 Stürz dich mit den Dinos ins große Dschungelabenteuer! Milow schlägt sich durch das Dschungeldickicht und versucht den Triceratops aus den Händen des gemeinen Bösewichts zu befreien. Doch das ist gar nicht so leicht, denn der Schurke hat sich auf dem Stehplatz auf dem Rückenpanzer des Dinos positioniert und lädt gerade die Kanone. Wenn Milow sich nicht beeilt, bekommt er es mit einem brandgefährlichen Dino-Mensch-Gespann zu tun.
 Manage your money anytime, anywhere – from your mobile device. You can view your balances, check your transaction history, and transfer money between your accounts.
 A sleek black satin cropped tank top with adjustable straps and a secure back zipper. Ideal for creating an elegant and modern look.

⁂

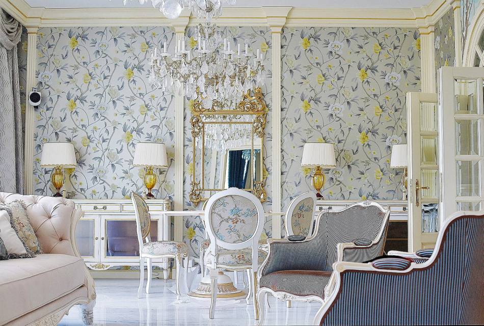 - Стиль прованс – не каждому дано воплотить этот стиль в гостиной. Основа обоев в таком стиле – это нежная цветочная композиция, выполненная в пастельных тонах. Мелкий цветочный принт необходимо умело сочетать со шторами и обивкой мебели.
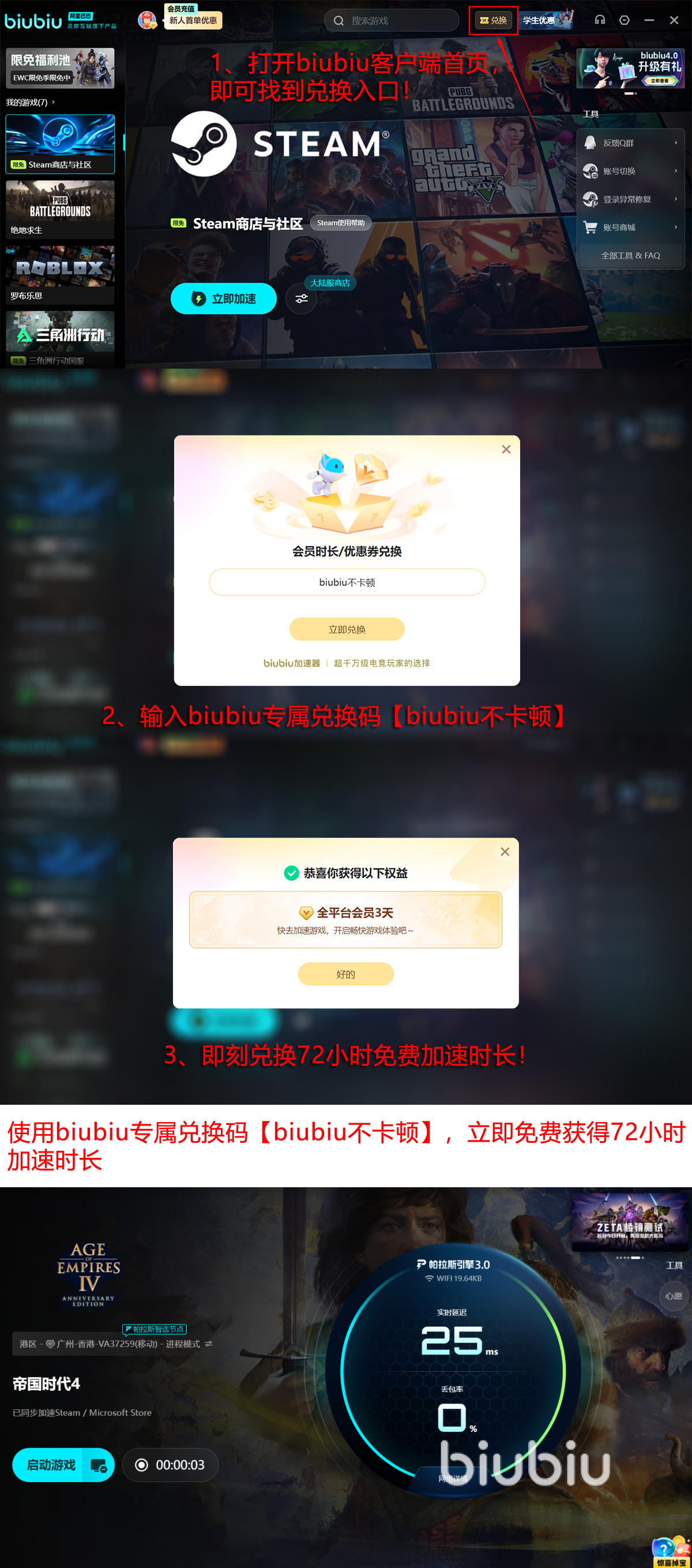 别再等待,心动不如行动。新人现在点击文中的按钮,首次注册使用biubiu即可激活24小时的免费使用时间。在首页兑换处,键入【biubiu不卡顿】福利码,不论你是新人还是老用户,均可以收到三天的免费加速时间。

⁂

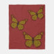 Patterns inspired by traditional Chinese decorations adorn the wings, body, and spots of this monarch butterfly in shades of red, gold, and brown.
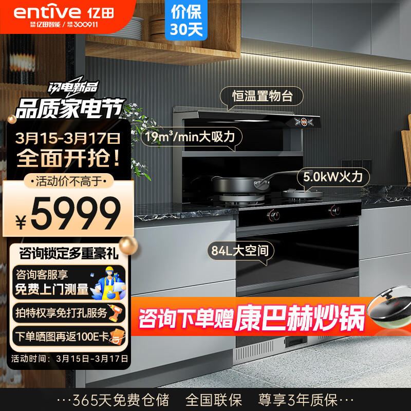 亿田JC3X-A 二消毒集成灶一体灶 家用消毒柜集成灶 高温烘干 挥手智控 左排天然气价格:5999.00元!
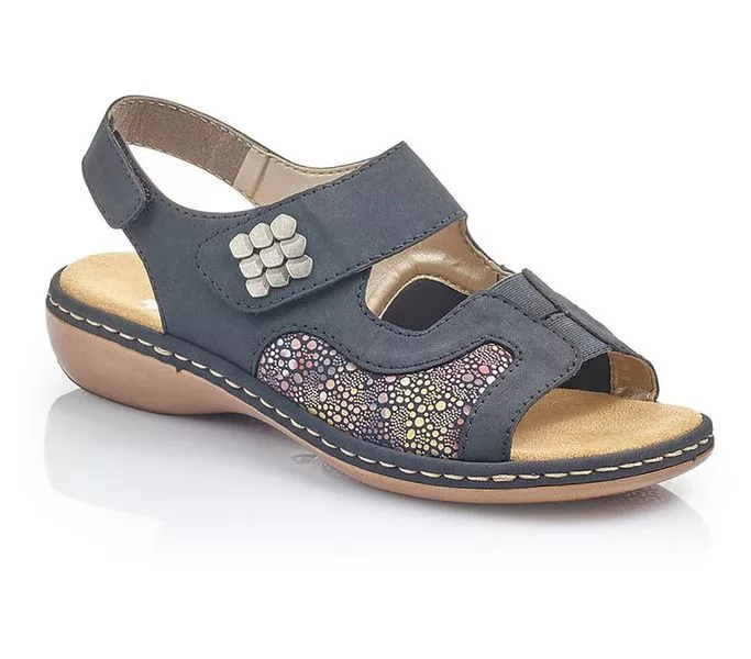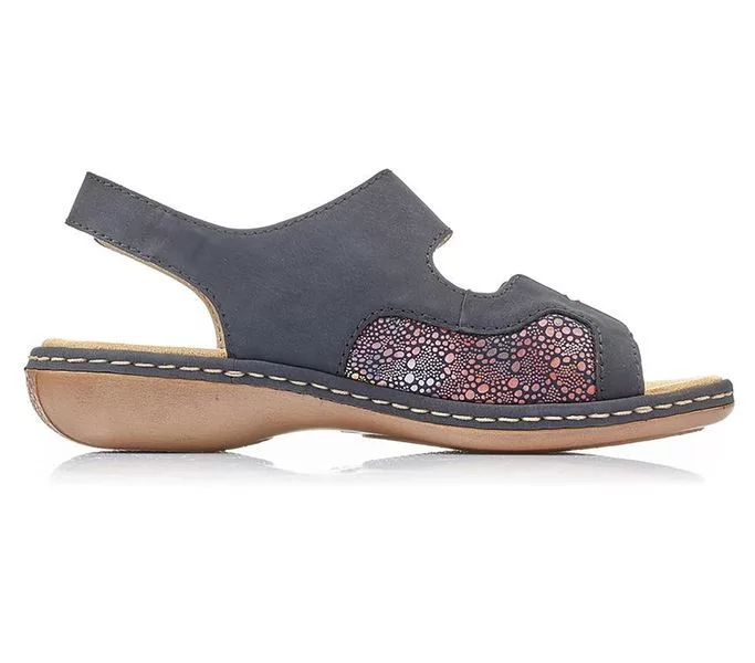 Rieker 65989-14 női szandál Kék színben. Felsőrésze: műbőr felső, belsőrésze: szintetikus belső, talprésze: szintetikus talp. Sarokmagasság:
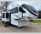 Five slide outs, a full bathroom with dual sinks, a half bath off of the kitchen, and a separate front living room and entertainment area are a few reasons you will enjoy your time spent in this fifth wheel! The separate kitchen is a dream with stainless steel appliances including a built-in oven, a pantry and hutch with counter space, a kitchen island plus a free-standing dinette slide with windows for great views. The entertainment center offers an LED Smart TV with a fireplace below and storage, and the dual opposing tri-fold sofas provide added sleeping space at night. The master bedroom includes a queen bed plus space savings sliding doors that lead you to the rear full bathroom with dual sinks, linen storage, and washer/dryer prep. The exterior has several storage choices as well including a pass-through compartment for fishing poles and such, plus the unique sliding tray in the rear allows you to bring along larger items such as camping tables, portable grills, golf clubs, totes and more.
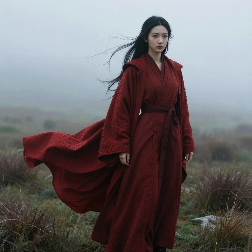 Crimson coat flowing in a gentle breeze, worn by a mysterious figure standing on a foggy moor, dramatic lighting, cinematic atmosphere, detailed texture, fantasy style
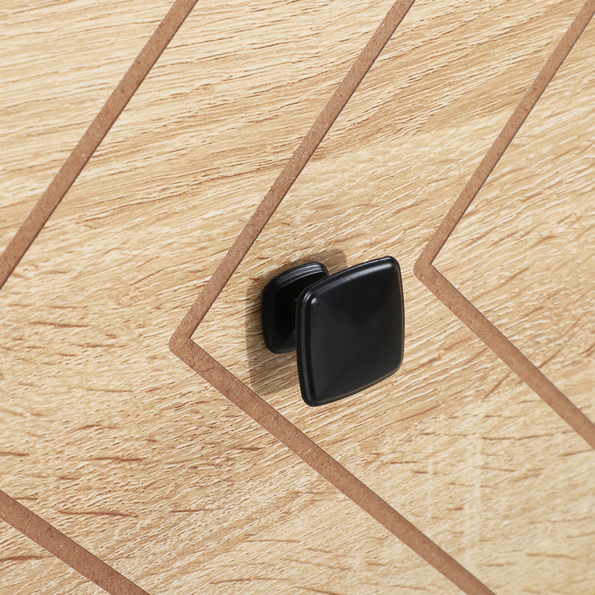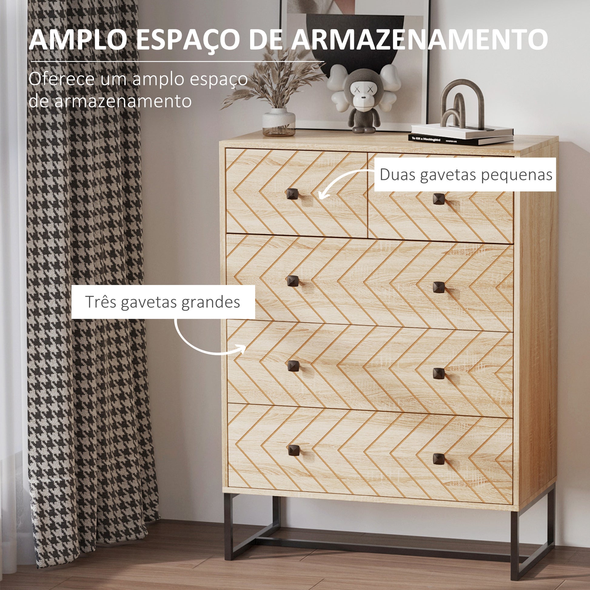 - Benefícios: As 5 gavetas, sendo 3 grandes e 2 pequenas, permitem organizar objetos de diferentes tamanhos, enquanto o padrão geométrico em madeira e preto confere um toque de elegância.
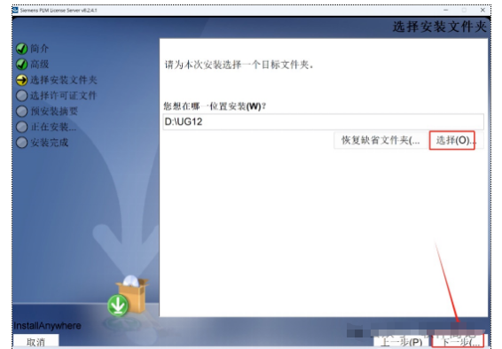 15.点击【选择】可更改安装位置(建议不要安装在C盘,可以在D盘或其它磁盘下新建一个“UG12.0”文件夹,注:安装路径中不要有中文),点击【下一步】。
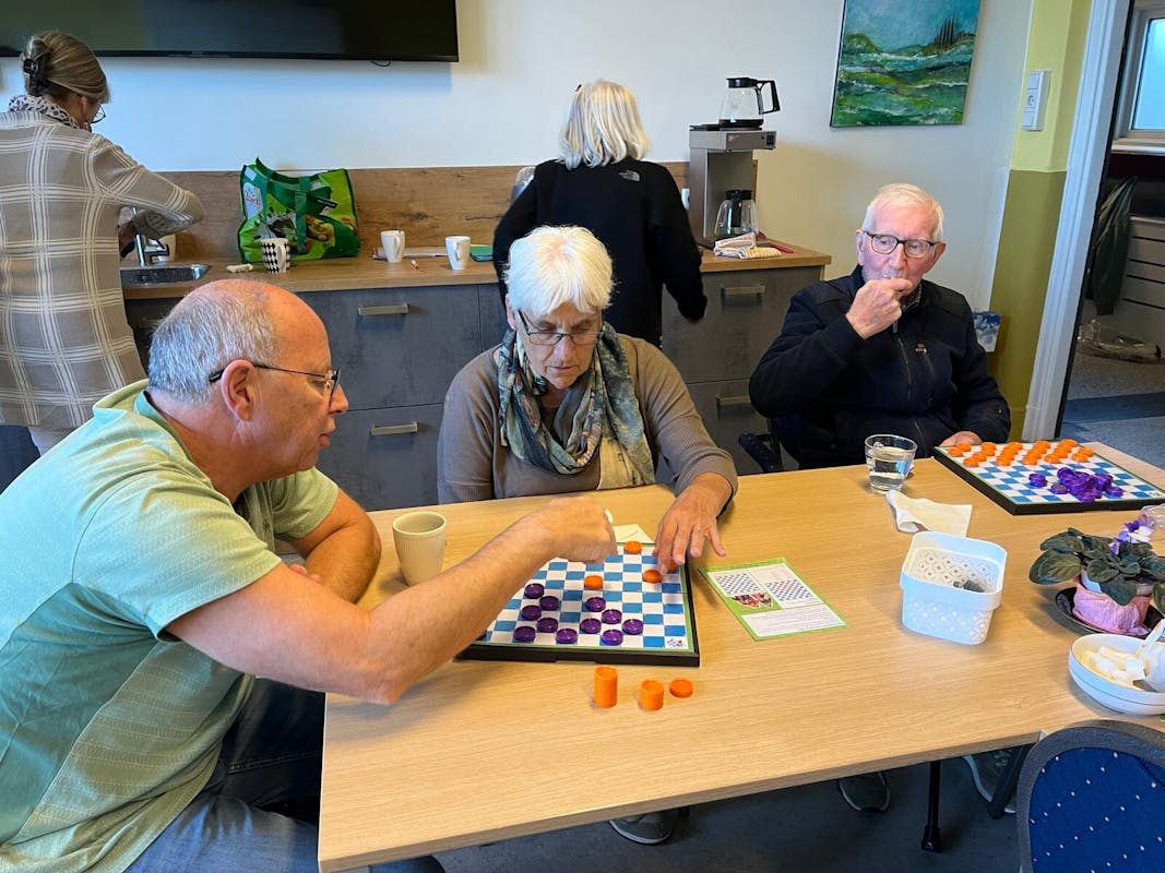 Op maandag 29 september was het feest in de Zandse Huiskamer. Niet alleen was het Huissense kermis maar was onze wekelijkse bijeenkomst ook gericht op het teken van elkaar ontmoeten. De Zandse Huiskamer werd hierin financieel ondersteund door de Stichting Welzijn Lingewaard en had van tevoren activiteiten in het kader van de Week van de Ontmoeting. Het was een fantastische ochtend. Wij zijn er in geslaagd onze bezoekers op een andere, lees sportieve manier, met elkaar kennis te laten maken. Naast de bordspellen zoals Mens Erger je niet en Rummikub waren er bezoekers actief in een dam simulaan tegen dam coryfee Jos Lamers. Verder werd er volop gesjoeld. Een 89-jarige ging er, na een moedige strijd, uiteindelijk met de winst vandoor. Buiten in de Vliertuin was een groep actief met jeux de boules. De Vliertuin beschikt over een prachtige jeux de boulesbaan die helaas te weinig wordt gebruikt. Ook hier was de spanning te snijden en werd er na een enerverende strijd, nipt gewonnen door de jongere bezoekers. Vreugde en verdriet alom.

⁂

→ **Directions**:
Taking the entries above, extract every line from the one bearing "Patterns inspired by" through the one bearing "亿田JC3X-A 二消毒集成灶一体灶 家用消毒柜集成灶", exactly, with no pictures.

→ **Expected answer**:
 Patterns inspired by traditional Chinese decorations adorn the wings, body, and spots of this monarch butterfly in shades of red, gold, and brown.
 亿田JC3X-A 二消毒集成灶一体灶 家用消毒柜集成灶 高温烘干 挥手智控 左排天然气价格:5999.00元!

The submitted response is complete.